Fast 21.500 Fachärzte für Anästhesiologie sorgen hierzulande für den reibungslosen Verlauf operativer Eingriffe. Mit jährlich zehn Millionen Anästhesien in Deutschland betrifft Anästhesie jeden. Was Dr. Christiane Hinrichs an ihrem Beruf am meisten schätzt? Dass Anästhesisten stets den Patienten im Blick haben.
„Schlafen Sie gut!“, wünscht Dr. Christiane Hinrichs ihrem Patienten, während er Sauerstoff über eine Maske einatmet und die Narkosemedikamente gespritzt werden. Sobald die Anästhesie tief genug ist, kann der Eingriff beginnen. Die Fachärztin für Anästhesiologie überwacht die Vitalfunktionen des Patienten – alles im grünen Bereich. Hinrichs sorgt dafür, dass das auch so bleibt. Nach einer Stunde ist der Eingriff beendet. Sie übergibt den Patienten nach der Narkoseausleitung in den Aufwachraum.
Zu den Aufgaben eines Anästhesisten zählen neben der eigentlichen Narkose auch die Vorgespräche, in denen zum Beispiel die Auswahl des für den Patienten und den Eingriff optimalen Narkoseverfahrens getroffen wird. Auch die Visite nach der Operation übernimmt der Anästhesist. „Als vierfache Mutter arbeite ich derzeit in Teilzeit und werde hauptsächlich bei Operationen für wechselnde Fachabteilungen eingesetzt“, erzählt Hinrichs.

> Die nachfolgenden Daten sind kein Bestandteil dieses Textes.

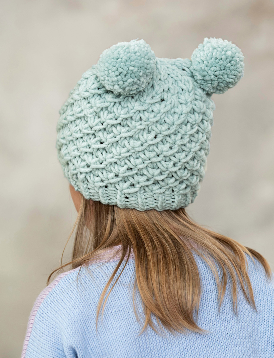 100 (150) g of Lana Grossa Mille II (50% extrafine Merino wool, 50% acrylic; 55 m/50 g) in Mint (col 86) or Light Jade (col 115) or Grey/Green (col 116) or Antique Pink (col 121) or Pale Purple (col 59) or Antique Violet (col 66). One set each size 7 and 8 mm double-pointed needles [dpns]; pompom maker by LANA GROSSA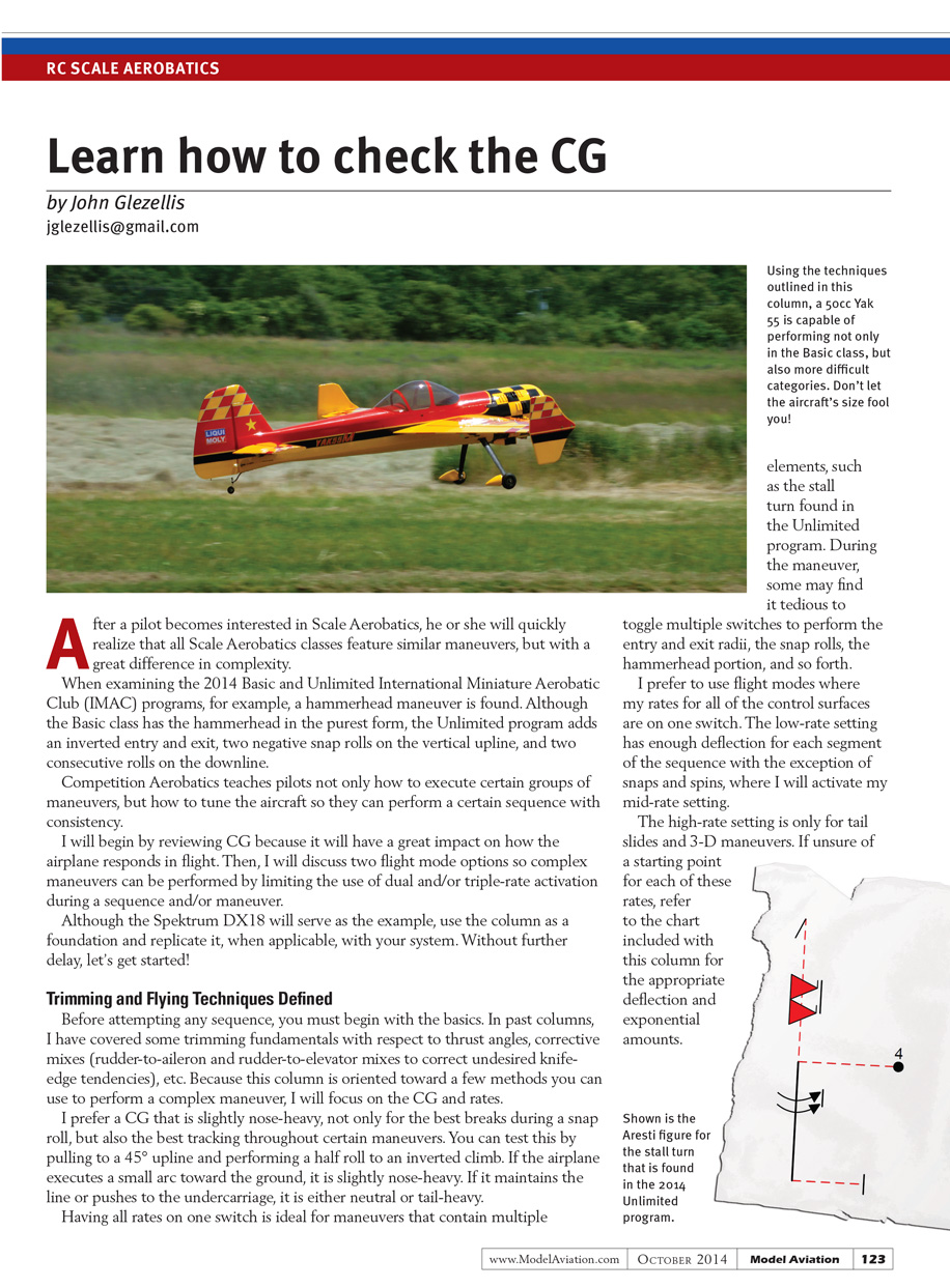 I will begin by reviewing CG because it will have a great impact on how the airplane responds in flight. Then, I will discuss two flight mode options so complex maneuvers can be performed by limiting the use of dual and/or triple-rate activation during a sequence and/or maneuver.
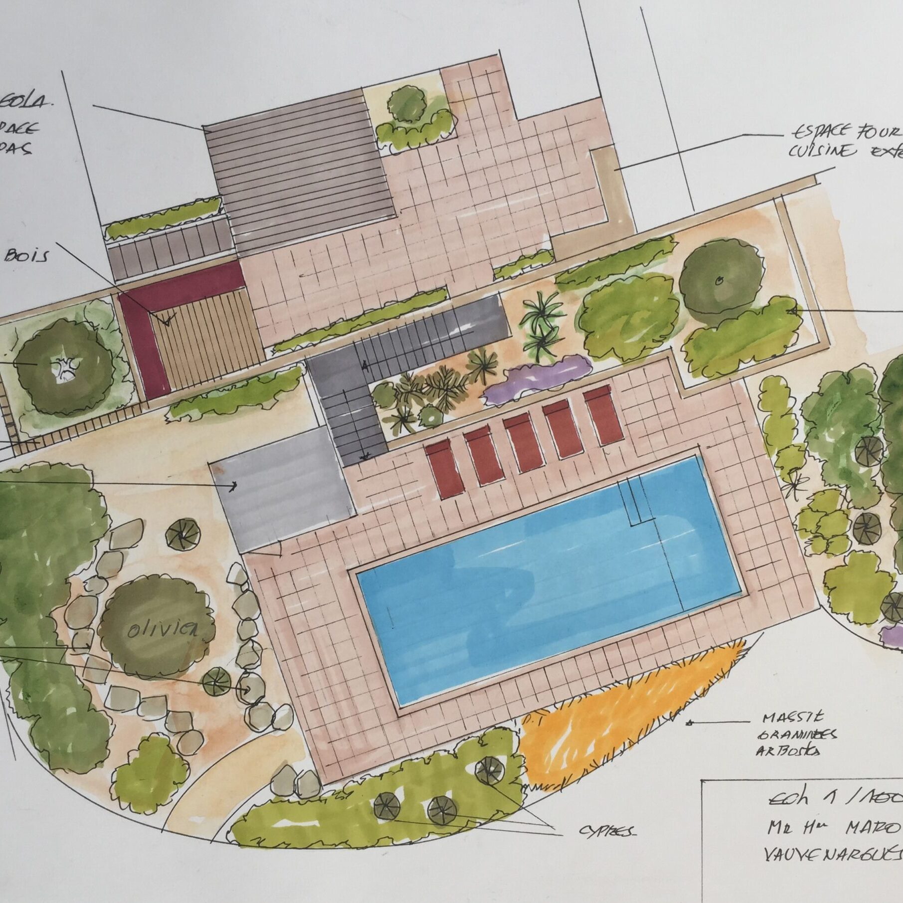 Nous vous guidons vers des solutions d’aménagement de jardins et conception de terrasses, pour vous permettre de vous projeter dans votre projet,  nous vous proposons une étude personnalisée réalisé par Patrick Bossa créateur de terrasses, jardins, espace piscine en Provence

Alltag für Anästhesisten: Geistesgegenwärtig und schnell reagieren
„Bei einer Operation können jederzeit Komplikationen auftreten“, meint sie. Permanente Wachsamkeit, Geistesgegenwart und ausgeprägte Stressresistenz sind extrem wichtig. Schließlich muss ein Anästhesist schnell mit unerwarteten Gegebenheiten fertig werden. Doch auch andere Fähigkeiten sind gefragt. „Im Vorfeld einer Operation müssen oft verschiedene Zugänge und Katheter gelegt werden. Das verlangt manuelle Geschicklichkeit, ebenso wie die Intubation“, erläutert die 40-Jährige. Kommunikative Kompetenz und Einfühlungsvermögen helfen, dem Patienten im Vorgespräch eines Eingriffs Ängste und Sorgen zu nehmen.
Interdisziplinäre Zusammenarbeit und breites Spektrum an Patienten

„Gerade die Zusammenarbeit mit anderen Abteilungen finde ich sehr spannend“, bemerkt Hinrichs. Operateure aus der Gynäkologie, Urologie, Chirurgie, aber auch der HNO oder Ophthalmologie zählt sie beispielsweise zu ihren Kollegen. „Der Blick über den Tellerrand hinaus ist schon allein deswegen wichtig, weil ich wissen muss, wie die Operationen in den unterschiedlichen Disziplinen ablaufen.“ Die fächerübergreifende Kooperation bringt es mit sich, dass die unterschiedlichsten Patiententypen mit verschiedenen Krankheitsbildern zu ihrer Klientel gehören.